**Dataset section:**
· · · · ·

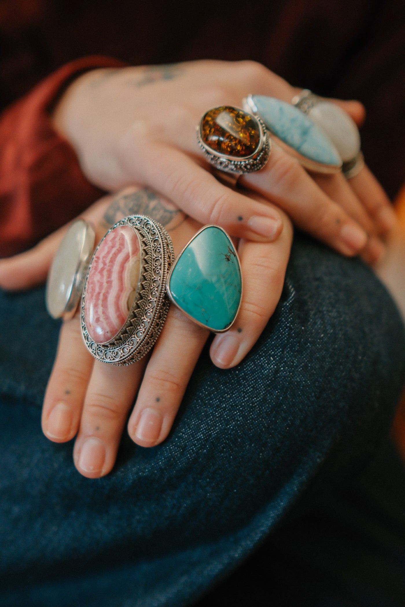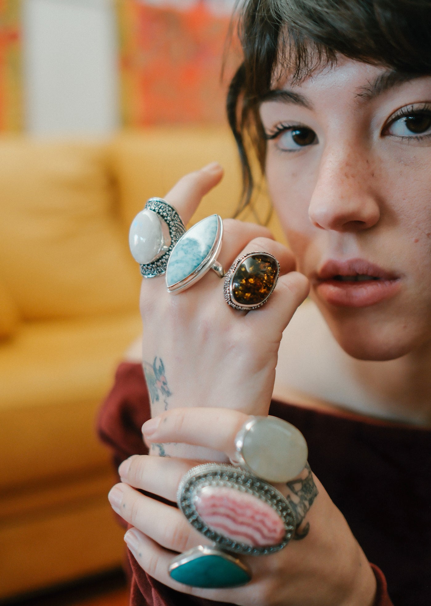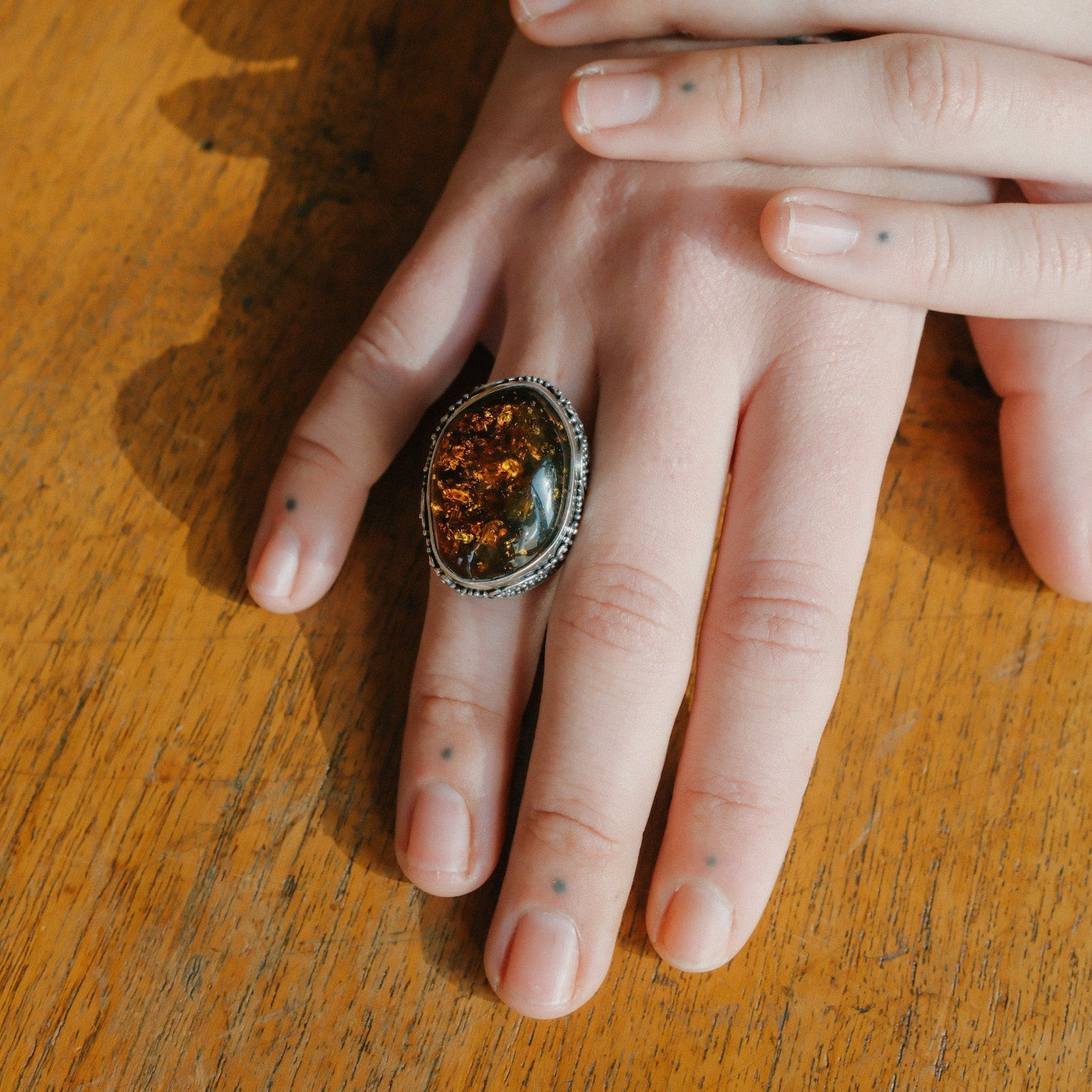 Anillo artesanal hecho a mano con plata de ley, técnica de granulado, característica de la isla de Bali y cabujón de ámbar natural. Esta abierto por la parte posterior lo que hace que se pueda adaptar a diferentes tamaños.
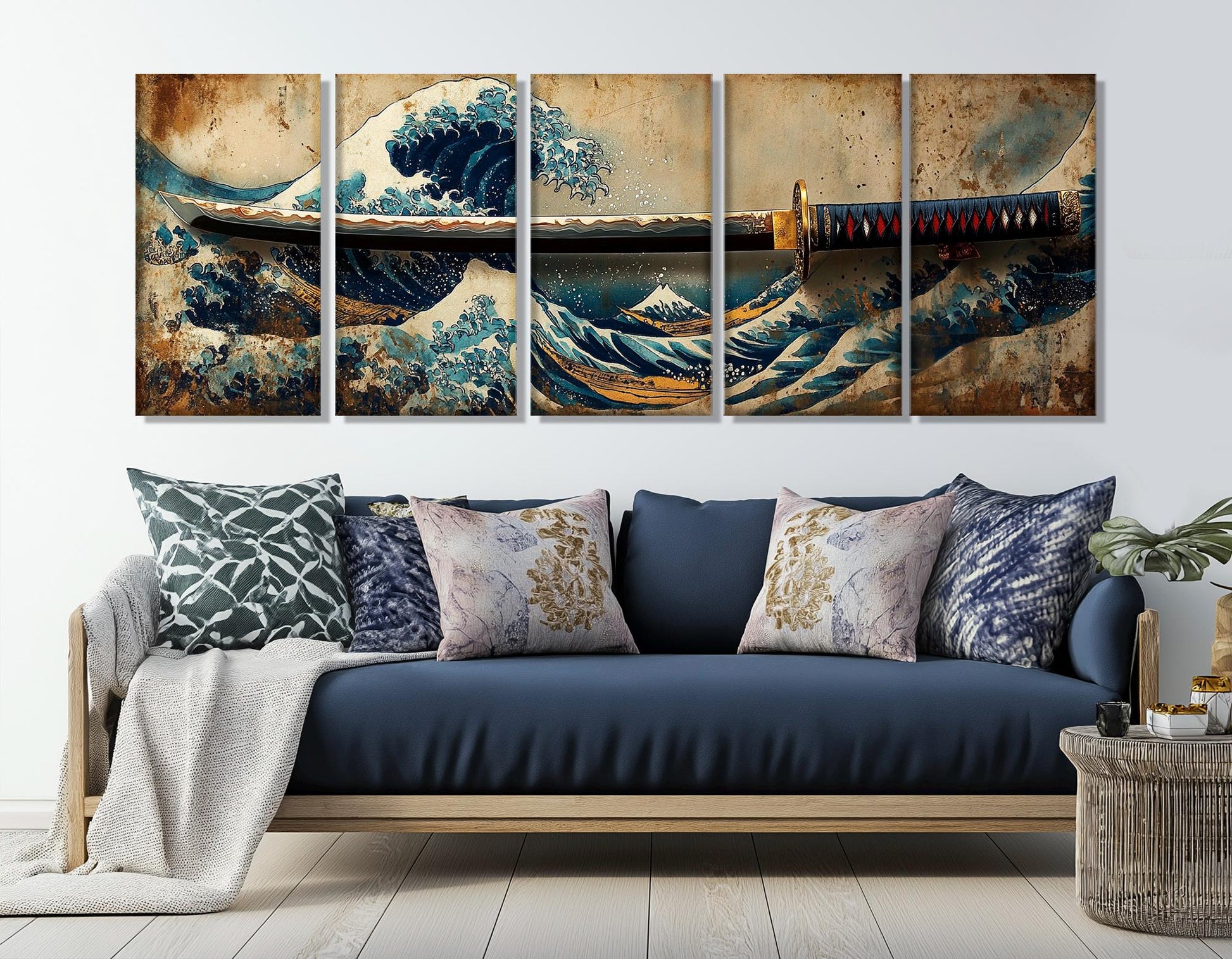 Japanese Wall Art – Samurai Sword Canvas with Great Wave Print | Framed Canvas Art Ready to Hang
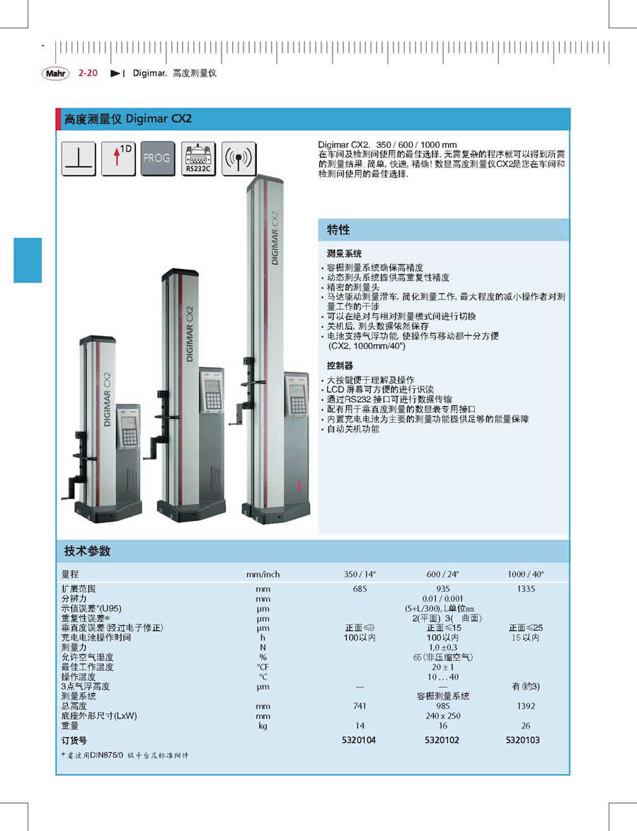 Digimar CX2數(shù)顯高度儀是在車間及檢測(cè)間使用的最佳選擇,測(cè)高儀使用,無(wú)需復(fù)雜的程序就可以得到所需的測(cè)量結(jié)果;簡(jiǎn)單,蘇州測(cè)高儀價(jià)格,快速,測(cè)高儀工作原理,精確!數(shù)顯高度測(cè)量?jī)xCX2是您在車間和檢測(cè)間使用的最佳選擇。

· · · · ·

**Exercise:** Where the data includes pictures, leave them out and write out everything else exactly.

**Solution to the exercise:**
 Anillo artesanal hecho a mano con plata de ley, técnica de granulado, característica de la isla de Bali y cabujón de ámbar natural. Esta abierto por la parte posterior lo que hace que se pueda adaptar a diferentes tamaños.
 Japanese Wall Art – Samurai Sword Canvas with Great Wave Print | Framed Canvas Art Ready to Hang
 Digimar CX2數(shù)顯高度儀是在車間及檢測(cè)間使用的最佳選擇,測(cè)高儀使用,無(wú)需復(fù)雜的程序就可以得到所需的測(cè)量結(jié)果;簡(jiǎn)單,蘇州測(cè)高儀價(jià)格,快速,測(cè)高儀工作原理,精確!數(shù)顯高度測(cè)量?jī)xCX2是您在車間和檢測(cè)間使用的最佳選擇。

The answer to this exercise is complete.